The task:
Give the lines below again exactly, starting with the line that holds "Ağdamdan məcburi köçkün" and going on through the line that holds "Have built in".

Data section:
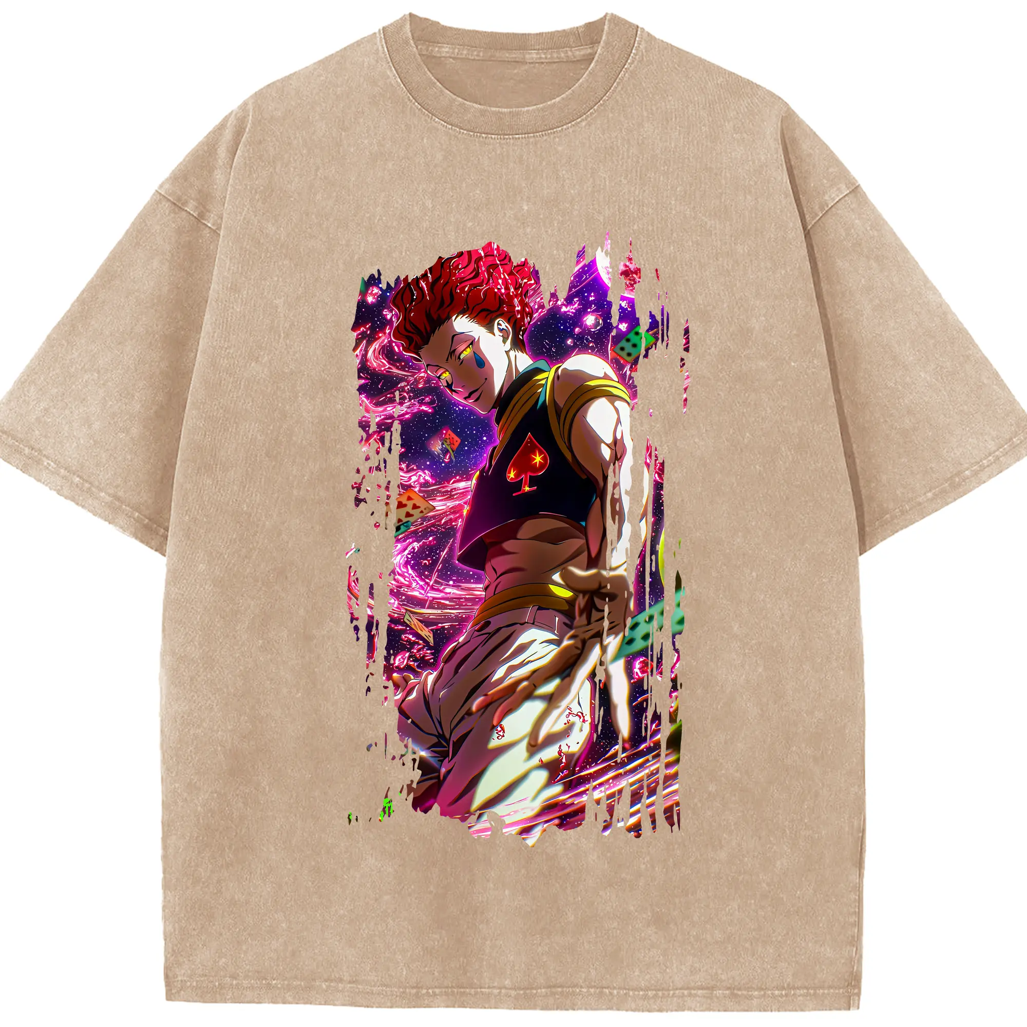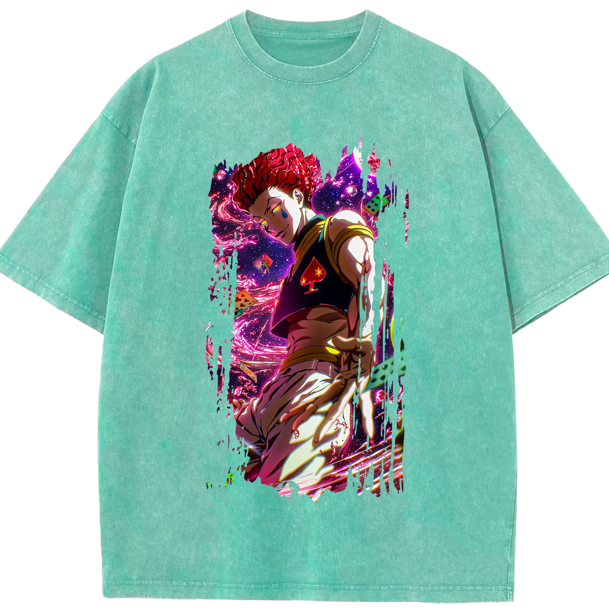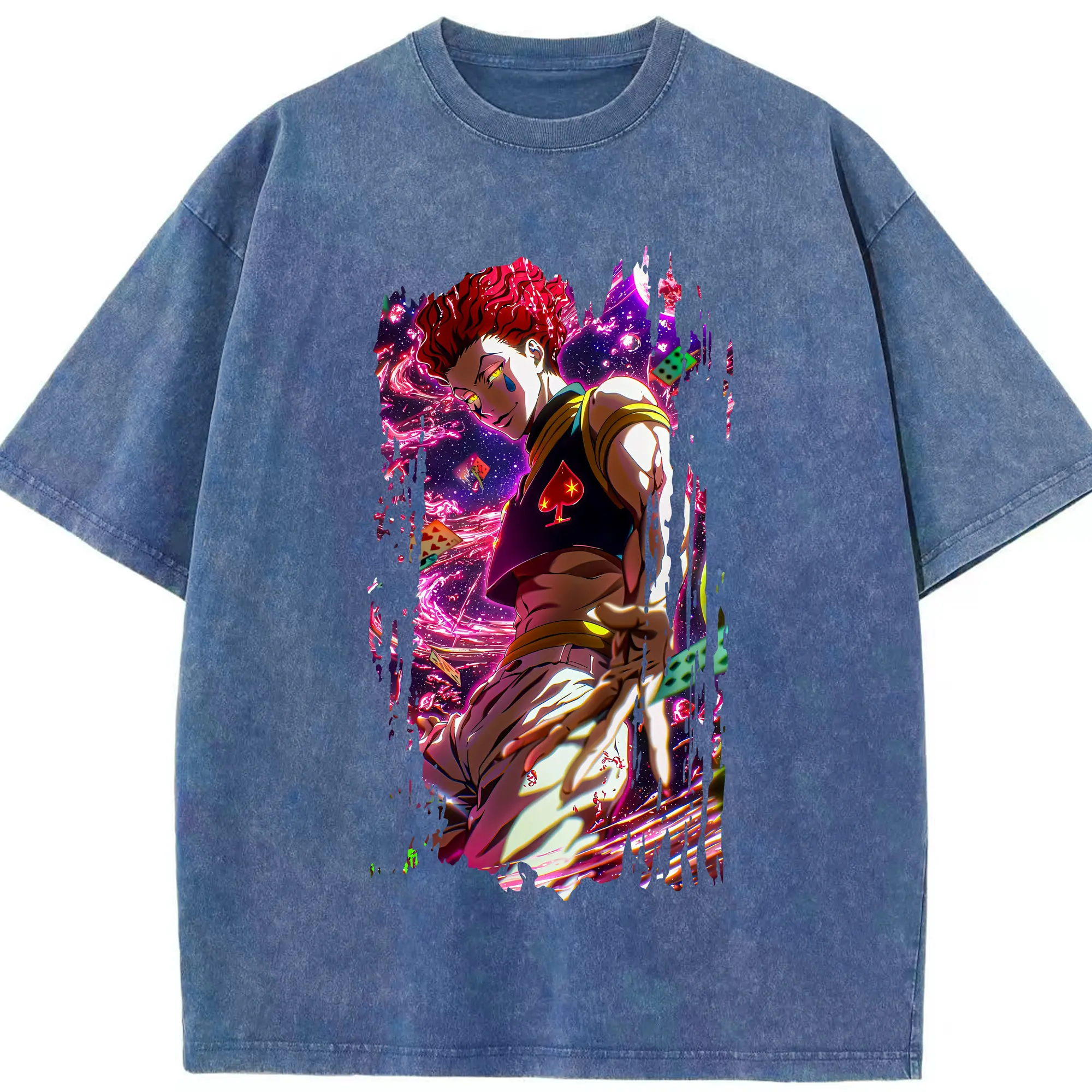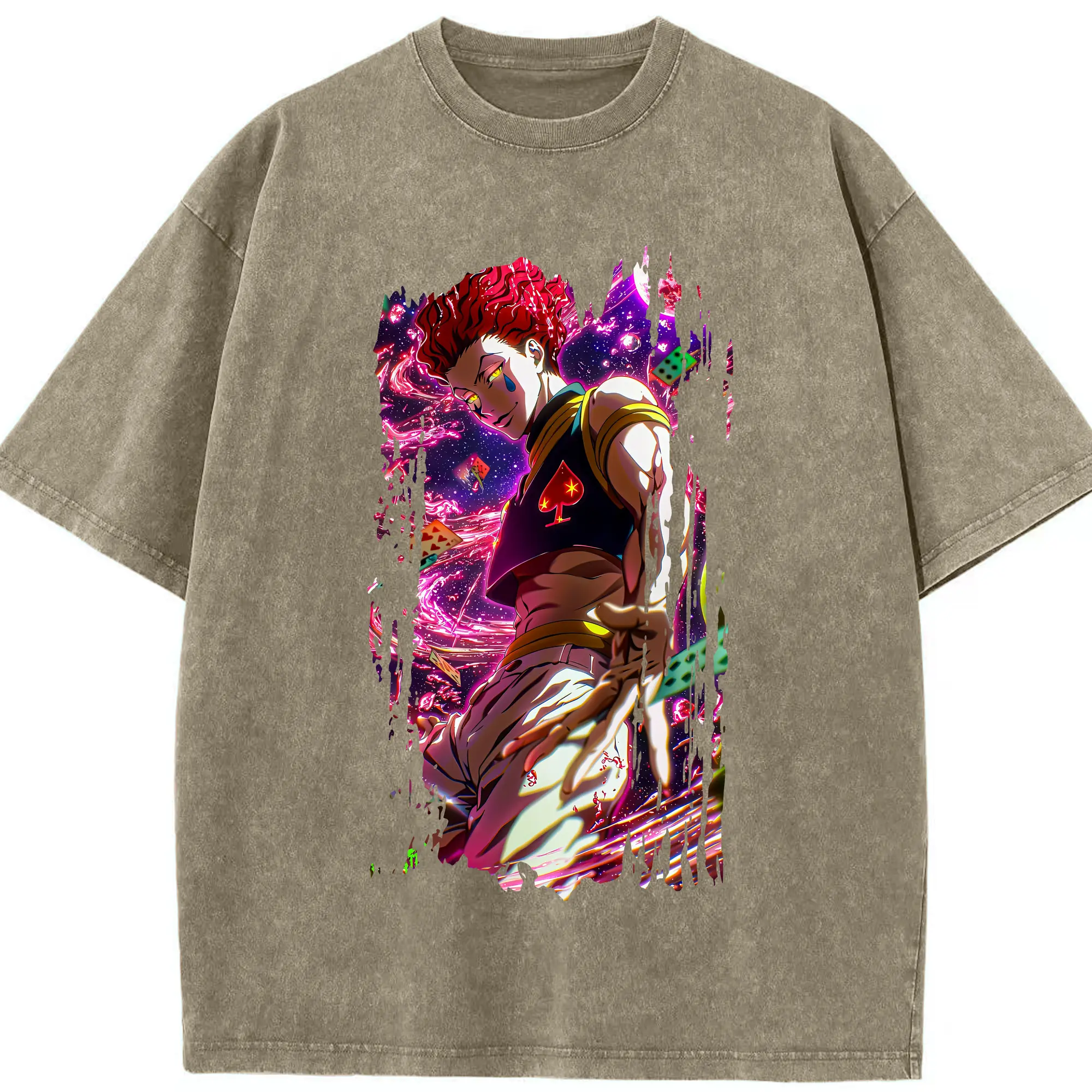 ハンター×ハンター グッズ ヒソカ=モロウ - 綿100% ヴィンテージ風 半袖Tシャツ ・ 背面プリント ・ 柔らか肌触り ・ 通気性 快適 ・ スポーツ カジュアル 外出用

==

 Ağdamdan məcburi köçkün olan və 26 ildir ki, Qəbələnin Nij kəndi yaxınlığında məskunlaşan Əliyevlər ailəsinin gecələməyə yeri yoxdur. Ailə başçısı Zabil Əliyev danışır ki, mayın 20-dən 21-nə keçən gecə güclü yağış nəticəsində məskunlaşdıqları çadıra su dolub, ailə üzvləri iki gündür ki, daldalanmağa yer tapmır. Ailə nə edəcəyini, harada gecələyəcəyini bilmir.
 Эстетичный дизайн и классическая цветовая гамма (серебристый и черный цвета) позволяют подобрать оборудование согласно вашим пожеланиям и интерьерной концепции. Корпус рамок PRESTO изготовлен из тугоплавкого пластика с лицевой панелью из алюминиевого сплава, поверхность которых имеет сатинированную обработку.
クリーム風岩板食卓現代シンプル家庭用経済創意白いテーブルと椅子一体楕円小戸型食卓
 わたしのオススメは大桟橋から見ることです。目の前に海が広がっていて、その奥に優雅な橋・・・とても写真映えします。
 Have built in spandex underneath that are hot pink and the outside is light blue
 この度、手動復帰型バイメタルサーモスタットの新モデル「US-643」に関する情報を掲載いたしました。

Problem solution:
 Ağdamdan məcburi köçkün olan və 26 ildir ki, Qəbələnin Nij kəndi yaxınlığında məskunlaşan Əliyevlər ailəsinin gecələməyə yeri yoxdur. Ailə başçısı Zabil Əliyev danışır ki, mayın 20-dən 21-nə keçən gecə güclü yağış nəticəsində məskunlaşdıqları çadıra su dolub, ailə üzvləri iki gündür ki, daldalanmağa yer tapmır. Ailə nə edəcəyini, harada gecələyəcəyini bilmir.
 Эстетичный дизайн и классическая цветовая гамма (серебристый и черный цвета) позволяют подобрать оборудование согласно вашим пожеланиям и интерьерной концепции. Корпус рамок PRESTO изготовлен из тугоплавкого пластика с лицевой панелью из алюминиевого сплава, поверхность которых имеет сатинированную обработку.
クリーム風岩板食卓現代シンプル家庭用経済創意白いテーブルと椅子一体楕円小戸型食卓
 わたしのオススメは大桟橋から見ることです。目の前に海が広がっていて、その奥に優雅な橋・・・とても写真映えします。
 Have built in spandex underneath that are hot pink and the outside is light blue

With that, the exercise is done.